Bayesian Natural Gradient Fine-Tuning of CLIP Models via Kalman Filtering
Hossein Abdi, Mingfei Sun, Wei Pan
TL;DR
This paper tackles the challenge of fine-tuning CLIP models with limited labeled data by introducing a Kalman-filter-based adapter that approximates the natural gradient direction within a Bayesian framework. The approach combines second-order optimization benefits with uncertainty quantification to boost in-distribution performance while improving out-of-distribution robustness. The authors provide a theoretical link between the Kalman update and NGD, and propose two robustness strategies for OOD via adaptive observation noise and Mahalanobis-distance-based regulation.
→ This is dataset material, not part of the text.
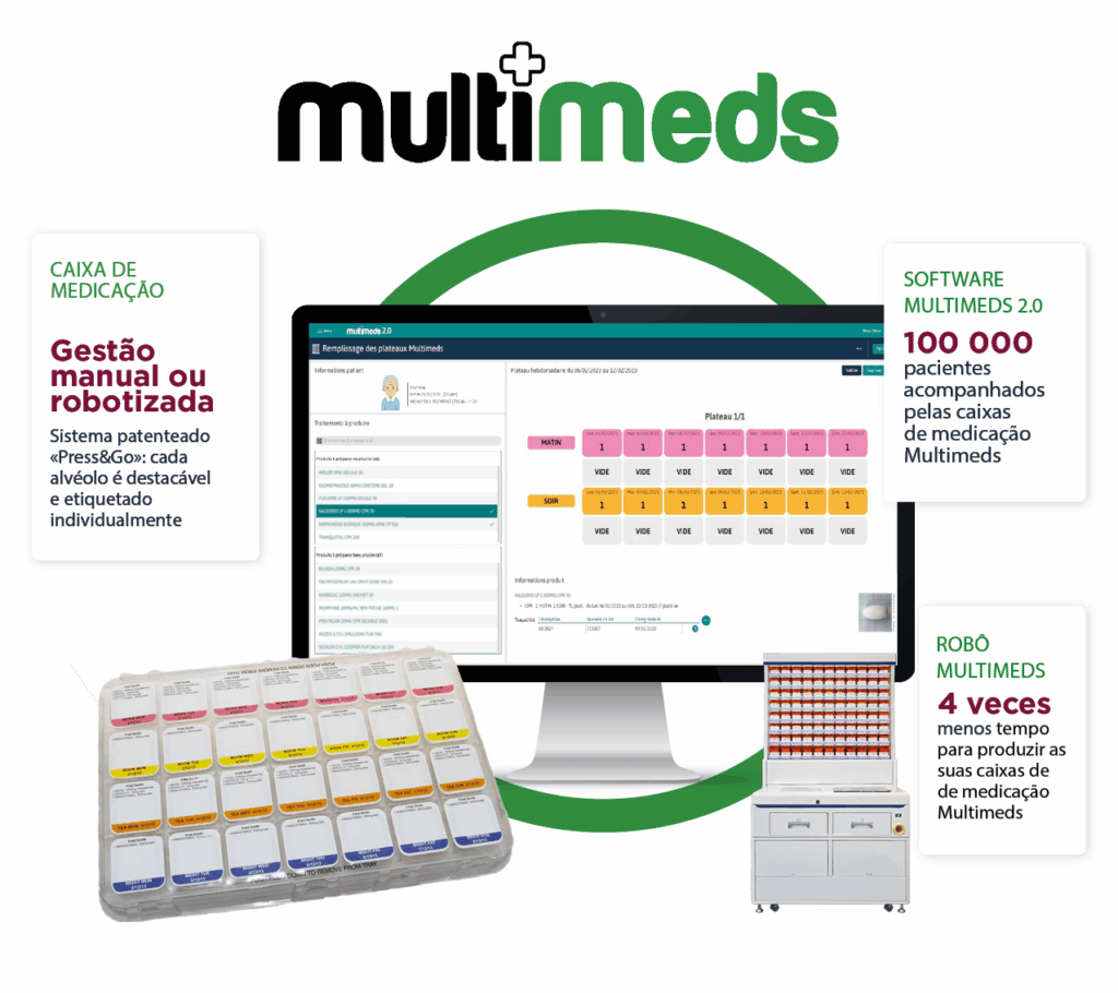 Através do software de gestão da medicação, do sistema de blisters e, se necessário, de um robot de dispensação em dose unitária, a Multimeds disponibiliza aos profissionais de saúde os instrumentos adequados para apoiar os seus doentes.

Extensive experiments across six ID datasets and multiple OOD variants demonstrate consistent ID gains and improved OOD generalization, with ablations validating the influence of key hyperparameters. This method offers a robust, uncertainty-aware alternative to standard first-order fine-tuning for vision-language models like CLIP.
Abstract
Vision-language pre-trained models, such as CLIP, have established new benchmarks in multimodal data mining. In such models, few-shot fine-tuning is a major challenge to achieve optimal performance on both in-distribution (ID) and out-of-distribution (OOD) datasets, especially when labeled data is scarce. Most existing fine-tuning approaches rely on first-order gradient-based optimizers, which typically suffer from slow convergence, sensitivity to step-size hyperparameters, and poor generalization in OOD settings. In contrast, second-order methods utilize local curvature information of the loss landscape to adjust the update step size. This is particularly beneficial for CLIP models, whose non-convex loss functions often contain sharp critical points. In such cases, natural gradient direction can offer more substantial and efficient per-iteration updates when fine-tuning with limited data. Natural Gradient Descent (NGD) is obtained by preconditioning the standard gradient with the inverse Fisher Information Matrix (FIM), which is computationally expensive for large models. To address this, we propose a Bayesian approximation of NGD using a Kalman filter for CLIP models. Our method combines the benefits of second-order optimization with Bayesian inference, which enhances generalization while providing uncertainty quantification. Extensive experiments conducted on diverse image classification datasets demonstrate that our algorithm consistently achieves superior--or comparable--ID performance and improved OOD robustness compared to state-of-the-art baselines. To the best of our knowledge, this work represents the first successful application of Kalman filtering to fine-tuning CLIP-based models, which enables more robust and efficient learning in vision-language tasks.